_Assignment:_ The whole listing, pictures aside, should be reproduced exactly.

_Data provided:_
***
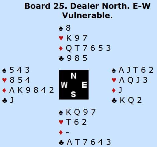 Vests dobling av 3 kløver ble forklart som «verdier, på en måte straffedobling av nords svake 2 ruter og ingenting spesielt å melde». Men det er klart at selv for Ø/V som var et isrealsk topp-par var ikke betydningen av dette meldingsforløpet helt soleklart.
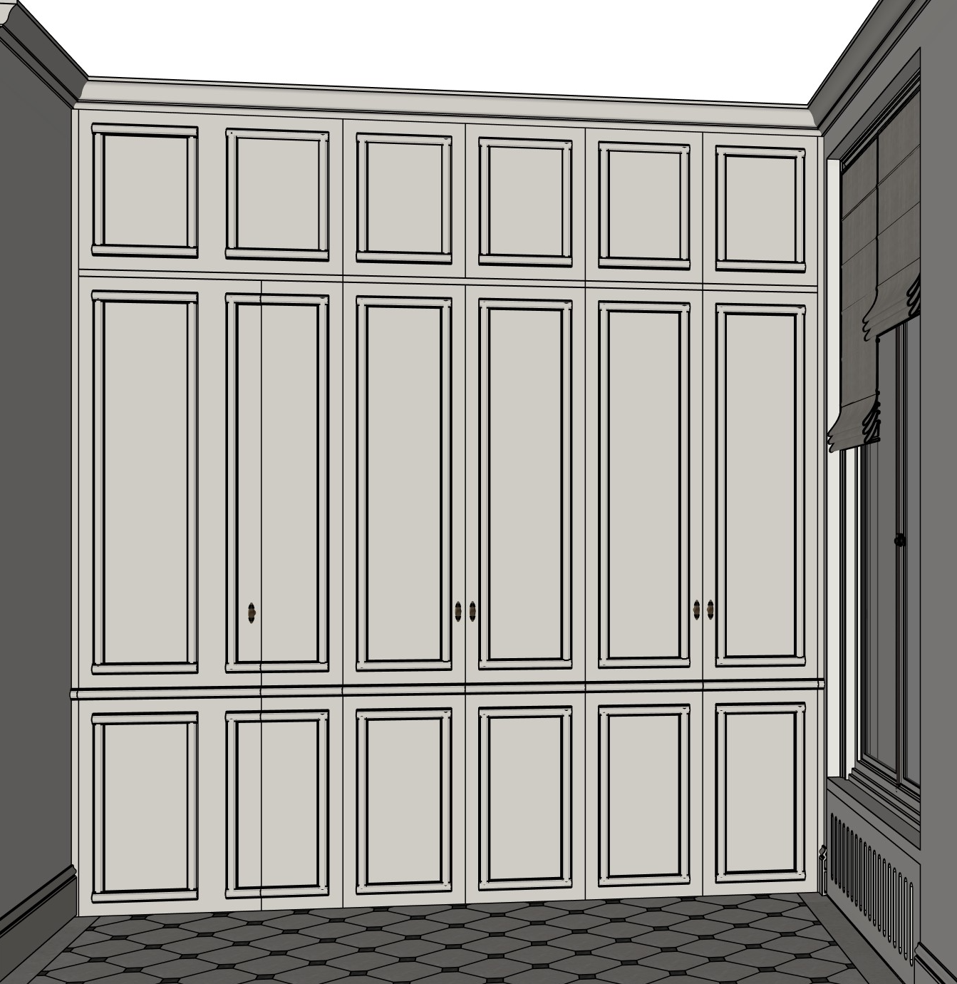 the cabinetry is in light taupe like the farrow and ball purbeck stone https www farrow ball com fr peinture purbeck stone the apartment is located on the 3rd floor of a parisian apartment overlooking a courtyard only the smallest tiles are in black the five door handles are in brushed bronze
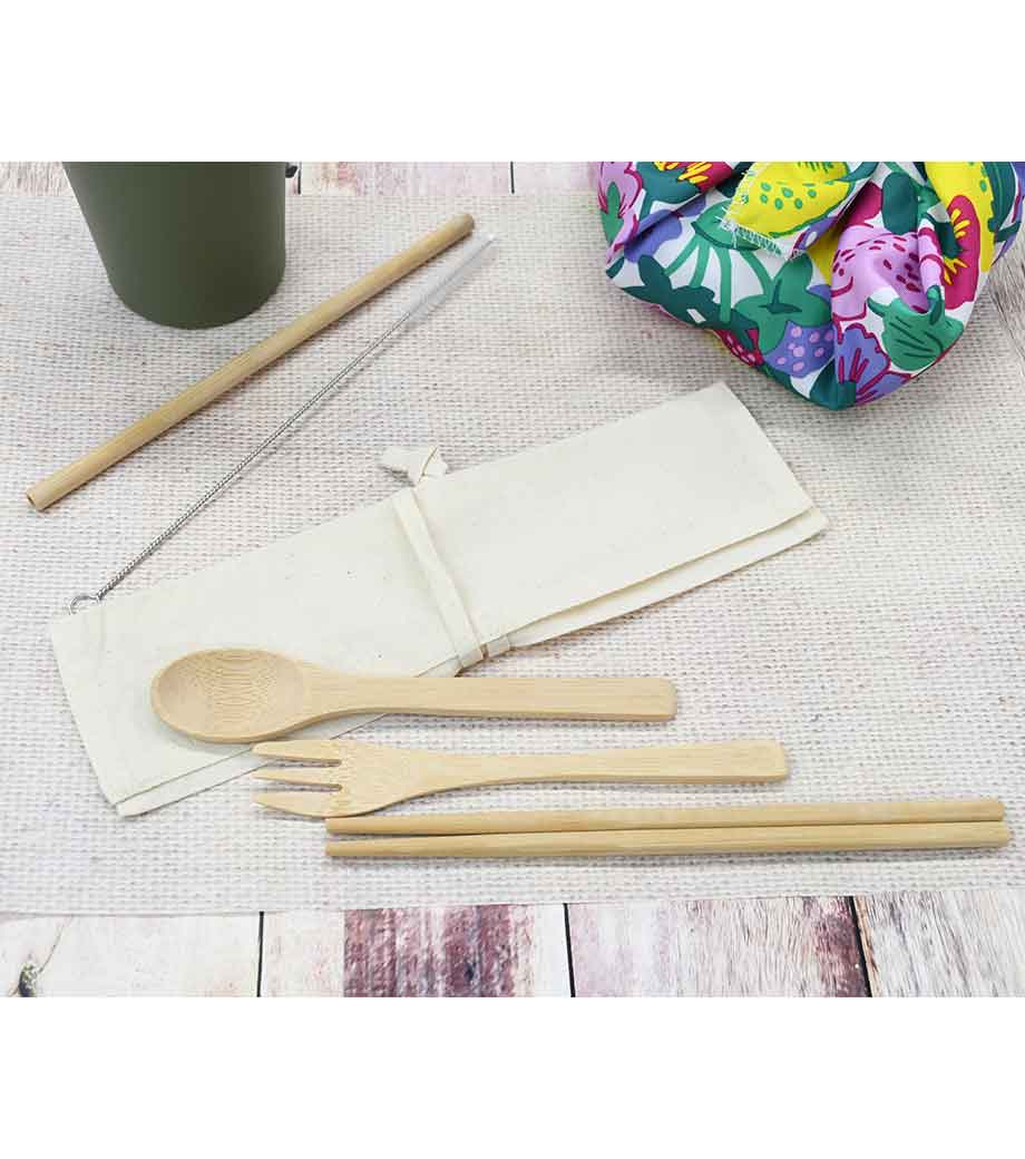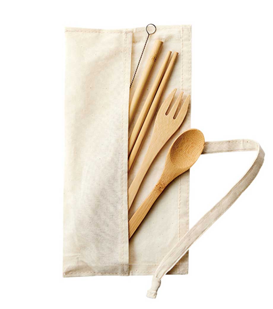 プラスチックスマート バンブーカトラリーセットは、竹製のフォーク・スプーン・箸と持ち運びに便利な巾着のセットです。マイカトラリーがあれば、毎日のお弁当やレジャーで繰り返し使えてエコ。
***
_Written reply:_
 Vests dobling av 3 kløver ble forklart som «verdier, på en måte straffedobling av nords svake 2 ruter og ingenting spesielt å melde». Men det er klart at selv for Ø/V som var et isrealsk topp-par var ikke betydningen av dette meldingsforløpet helt soleklart.
 the cabinetry is in light taupe like the farrow and ball purbeck stone https www farrow ball com fr peinture purbeck stone the apartment is located on the 3rd floor of a parisian apartment overlooking a courtyard only the smallest tiles are in black the five door handles are in brushed bronze
 プラスチックスマート バンブーカトラリーセットは、竹製のフォーク・スプーン・箸と持ち運びに便利な巾着のセットです。マイカトラリーがあれば、毎日のお弁当やレジャーで繰り返し使えてエコ。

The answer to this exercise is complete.